Just wondering what the goal is.
You offer free mixing...and maybe you get a dozen or so people who are in need of mixing help that bite, because FREE is a big seller in the home rec world.
So then you mix a couple dozen freebies...and you post them on your website as "clients" you done work for...and that's the "portfolio" that gives you some kind of cred when later on when you start charging $$ and the paying customers show up and see the "portfolio" and assume that you're an in-demand mixer with all those clients.
One problem (like you already touched on)...if you get a bunch of newbs with really shitty tracks looking for free mixing...well, you know those mixes are going to be shit, for the most part, and for them to be of any "cred" value...you end up working much harder to get them even decent sounding (something your future paying clients will not know...how hard you worked to polish the turds)...so it's not as simple as doing freebies to build a worthwhile portfolio.
Of course...you can keep offering freebies, and just pick the ones that are good to use in your portfolio.
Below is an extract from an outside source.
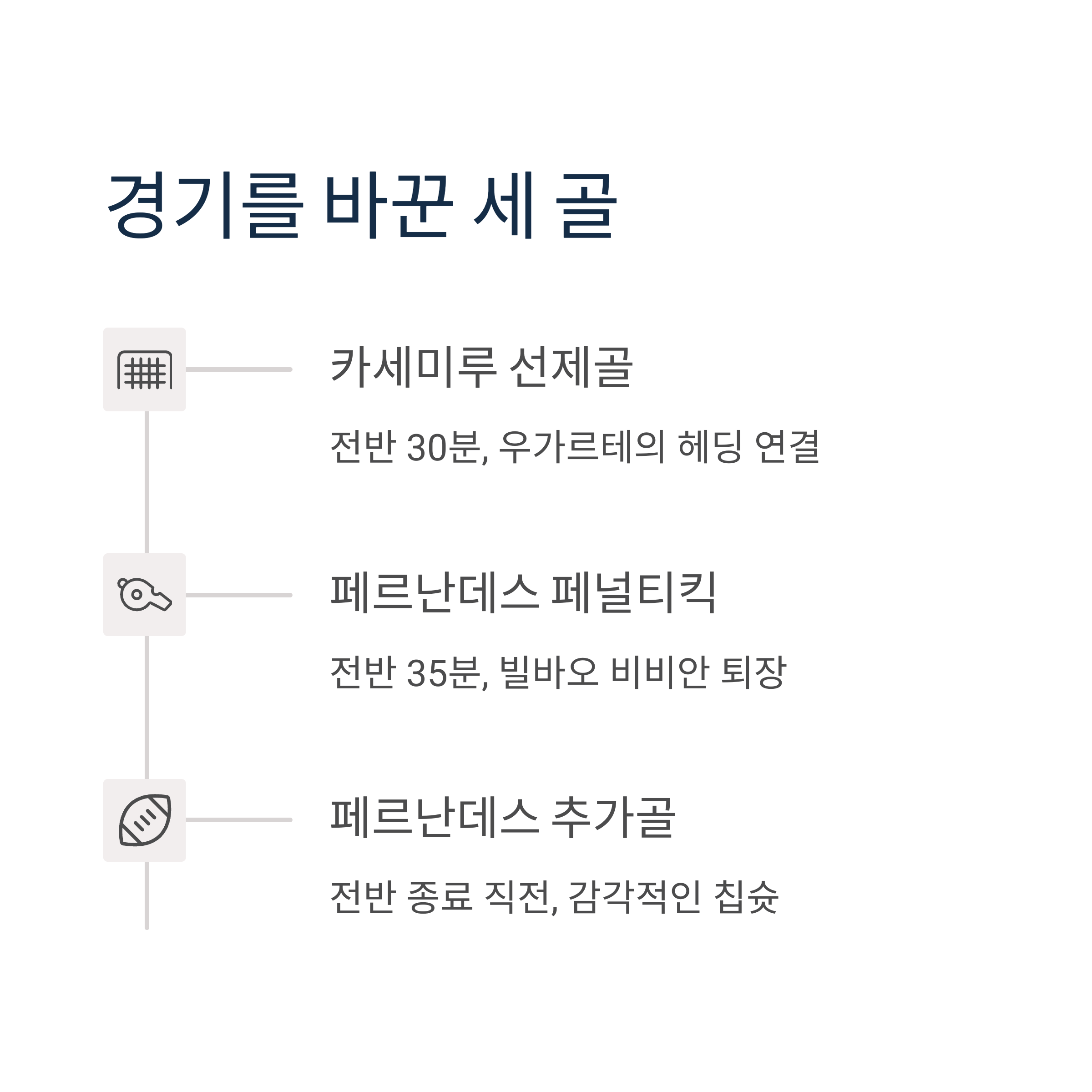 이 경기의 영웅은 단연 카세미루와 페르난데스였습니다. 수비형 미드필더인 카세미루는 강한 압박과 제공권 장악으로 빌바오의 공격을 차단했고, 선제골까지 넣으며 분위기를 가져왔습니다. 페르난데스는 그야말로 경기의 중심이었습니다. 페널티킥 성공, 감각적인 추가골, 중원 장악까지 모든 면에서 눈부셨습니다.

It's a way to get there...
I don't think it's a bad thing...I mean, if the mixing is good, and its free...there's no real downside, but kinda has a tone of desperation to it...
"I am really needing a large portfolio"...as though someone went into the whole studio thing too deep, and now has to generate the work to justify it...etc.
Maybe it's something else driving it...but it does have that anxious vibe about it.
The part that puts me off...is that it's all anonymous...without any link to a website, etc.
Most guys at least show some basic "studio" webpage and a bit of info if they are doing it as some kind of business.
At least then it looks like you're open for biz...and willing to do some freebies to get things rolling.